Значит, не сделаю. А если не сделаю, то на что мне ее признание и чего я от нее хочу? Выкупа, что ли?… Увы! Кажется, дело идет к тому, и, кажется, я уже получил задаток. К чему ж я пугаю ее, прикидываясь неумолимым и неподкупным? Вместо того, чтоб хвастать и лгать как лавочник, который лезет из кожи, чтобы ему накинули грош на его гнилой товар, не проще ли было бы сказать ей прямо в глаза, что она убийца, но может быть спокойна; что я не выдам ее, если она заплатит мне то, что я требую? Да, это было бы коротко и просто, и было бы прямодушнее, даже, пожалуй, честнее, чем, наигравшись с нею как кошка с мышью, лизать потом ее руки, те руки, которые уложили в гроб Олю! Но нет! Нужно, вот видите ли, и черту кочергу, и Богу свечку! Нужно наесться грязи так, чтобы губы себе не выпачкать и чтобы это с лица вышло даже красиво, а для этого надо роман себе сочинить. Надо уверить себя, что любовь смягчила сердце убийцы, и что она раскаялась, и что мне жалко ее, просто по-человечески жалко.

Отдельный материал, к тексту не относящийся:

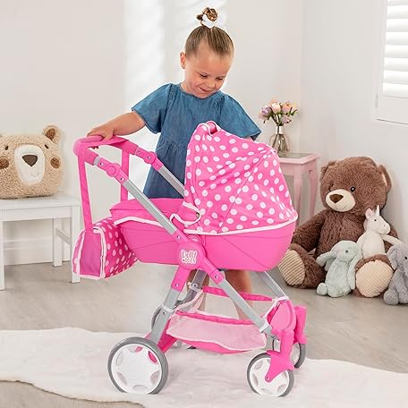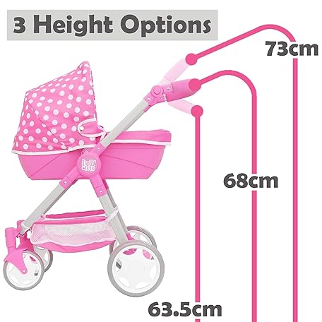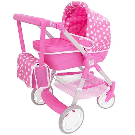 Sản phẩm Dolly Tots Junior Roamer Dolls Pram | Pink Polka Dot Pushchair with Detachable Carry Cot, Adjustable Handle & Storage Basket | Includes Changing Bag | Toy Travel System for Kids Ages 3+ đang được bán với giá ưu đãi là $45.998 tại nước Anh.
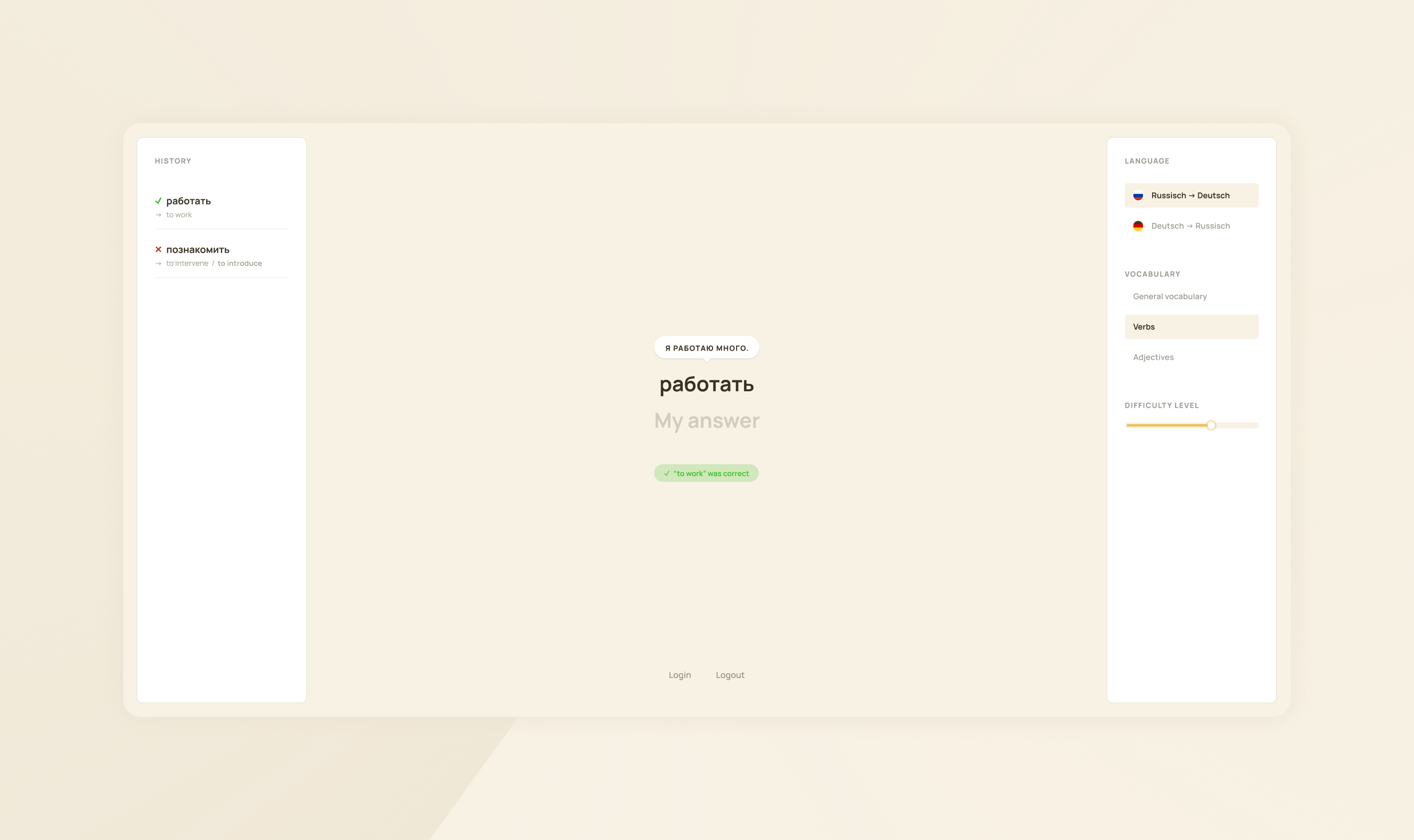 Personal vocabulary learning platform based on Google Spreadsheets. The website randomly displays German or Russian words for me to translate, filtered by various parameters. An internal score, which increases after correct answers and decreases after incorrect ones, allows me to translate more unfamiliar words more often.

Мысли эти терзали меня всю ночь, и поутру я проснулся с ними, нии, в каком только может чувствовать себя человек, не совсем еще потерявший совесть.
– Это несносно! – сказала она, обращаясь ко мне. – Мне не дают вас и на пять минут! Мне мало этого. Месье Черезов! Хотите вы сделать мне удовольствие? Слушайте: завтра Павел Иванович в собрании, и я буду одна весь вечер. Если вы не боитесь соскучиться, то приходите. После обеда, в 8-м часу, или нет, – лучше в 8. В восемь я буду наверно одна.
Я был, и мы просидели вдвоем часа три. Не помню, с чего у нас началось, только она казалась расстроенною и жаловалась, что нездоровится. Я спросил, что с ней?
– Так, ничего, – она закрыла руками лицо и сидела с минуту молча. – Скажите, вам это должно казаться странно?
– Что странно, Юлия Николаевна?
– Да то, что я завладела вами, и что мы так… одни… Но, – заключила она с какой-то странной усмешкой, – это, если не ошибаюсь, уже не в первый раз.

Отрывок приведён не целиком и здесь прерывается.